Something you started or fixed that is still running now, even without you tending it daily.

✕  Weak opening

“I have always believed in giving back to my community, so I volunteer whenever I get the chance to help those in need.”

✓  Strong opening

“The free pantry outside our library kept going empty by 9 a.m., so I started tracking which days it ran out and why.”

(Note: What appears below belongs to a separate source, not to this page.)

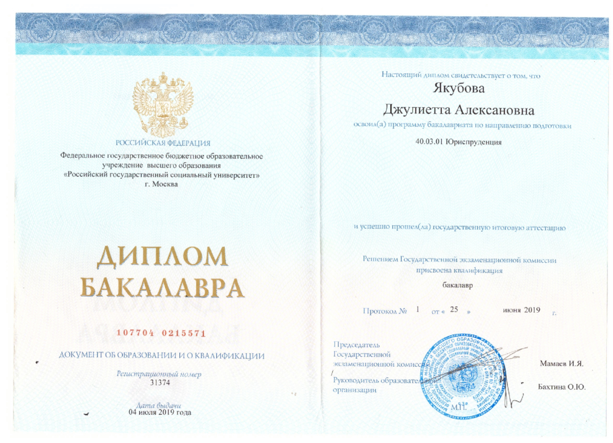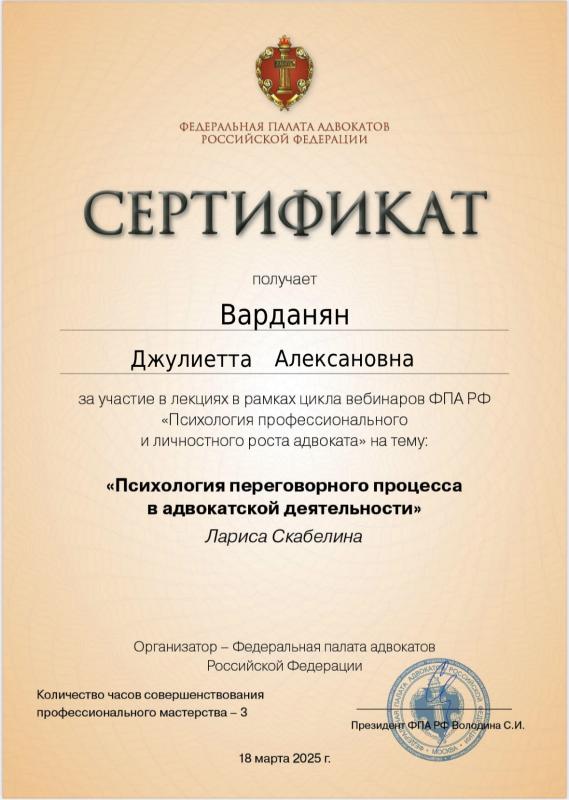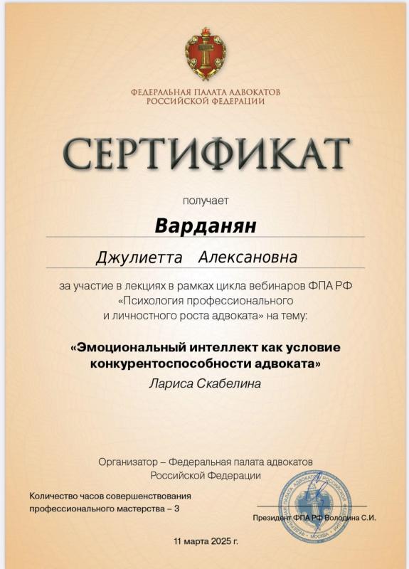 Меня зовут Джулиетта, я адвокат Черноморской коллегии адвокатов, с опытом работы в ФССП России, специализируюсь на решении семейных, гражданских и уголовных дел. Предоставляю квалифицированную помощь в сложных жизненных ситуациях. Мои направления: семейные дела, уголовные дела, гражданские дела. Почему стоит обратиться ко мне? - Чуткий и индивидуальный подход к каждому клиенту. - Конфиденциальность. Умение находить эффективные решения даже в самых сложных делах. Разработка правовой стратегии и реализация всех необходимых действий. Как я работаю: 1. Внимательный анализ вашей ситуации. 2. Разработка стратегии и полное сопровождение до положительного результата. Я регулярно повышаю квалификацию, изучаю изменения в законодательстве и судебной практике, посещаю семинары и курсы, чтобы предлагать клиентам актуальные и эффективные решения. Постоянное развитие и глубокие знания помогают мне успешно решать даже самые сложные правовые вопросы. Помогу Вам найти лучшее решение для вашей проблемы!

✦ Annotated example · Making the community better: a Saturday repair table for a food desert. Written by EssayLens to teach, not a real applicant’s essay. Tap a highlighted line →
My neighborhood does not have a hardware store, but it has a lot of broken lamps. I noticed this slowly, the way you notice anything in a place where money is tight: things stay broken because fixing them costs more than replacing them, and replacing them costs more than nothing, so people just go without.1So in tenth grade I started a repair table outside our public library on Saturday mornings. I knew how to fix exactly two things, frayed lamp cords and bicycle brakes, because my dad had taught me. I figured that was enough to start, and that I would learn the rest while embarrassing myself in public.2The first Saturday, one person came. By spring, we had a folding table of regulars: a retired electrician named Sal who started showing up to handle the jobs I could not, two of my classmates I recruited from shop class, and a steady line of neighbors carrying toasters, clock radios, and one very stubborn sewing machine.3We kept a logbook, because I wanted to know if we were actually helping or just having fun. Over two years we logged 214 repairs. At an average replacement cost of maybe twenty dollars an item, that is a few thousand dollars that stayed in my neighbors' pockets, plus a small mountain of things that did not go to the landfill.4But the number I think about most is one. An older woman brought in a radio her late husband had built, and Sal and I spent three Saturdays on it before it crackled back to life. She did not need that radio. She needed the part of him that it carried, and we got to hand it back.5The table still runs; I trained two juniors to lead it after I graduate, and Sal promised to keep coming. Making my community better turned out to be less about grand fixes and more about giving people a place to bring what was broken and not be told to throw it away.6
  1. 1Opens on a hyper-specific, unexpected community problem (broken things staying broken) that reveals real observation. Avoids the cliche of a food or clothing drive.
  2. 2Honest about limited starting skills, which makes the initiative believable and likable. The self-aware humor signals a genuine teenage voice, not a resume bullet.
  3. 3Shows growth over time and the applicant pulling others in (Sal, classmates), which demonstrates building something durable rather than a one-day act of service.
  4. 4Delivers concrete, quantified impact (214 repairs, dollars saved, landfill avoided). UCSB rewards specific evidence, and the logbook detail shows rigor and honesty about measuring outcomes.
  5. 5Pivots from data to a single human story, deepening the meaning of the work. The contrast between quantity and one irreplaceable repair shows emotional maturity without sentimentality.
  6. 6Closes with succession (the project outlasts the applicant) and a quiet, earned thesis that reframes service as dignity, tying the essay's small object back to a larger idea.
Stuck? Start here
  • What problem in a place I belong to did I actually notice before anyone else?
  • What do I do for my community on a recurring basis that nobody assigned me?
  • What that I started or fixed is still working now, even without me?
Before you submit
  • I name a specific problem and a specific thing I did about it.
  • The improvement is real and, ideally, still in place.
  • I avoid sweeping claims and stick to what I genuinely contributed.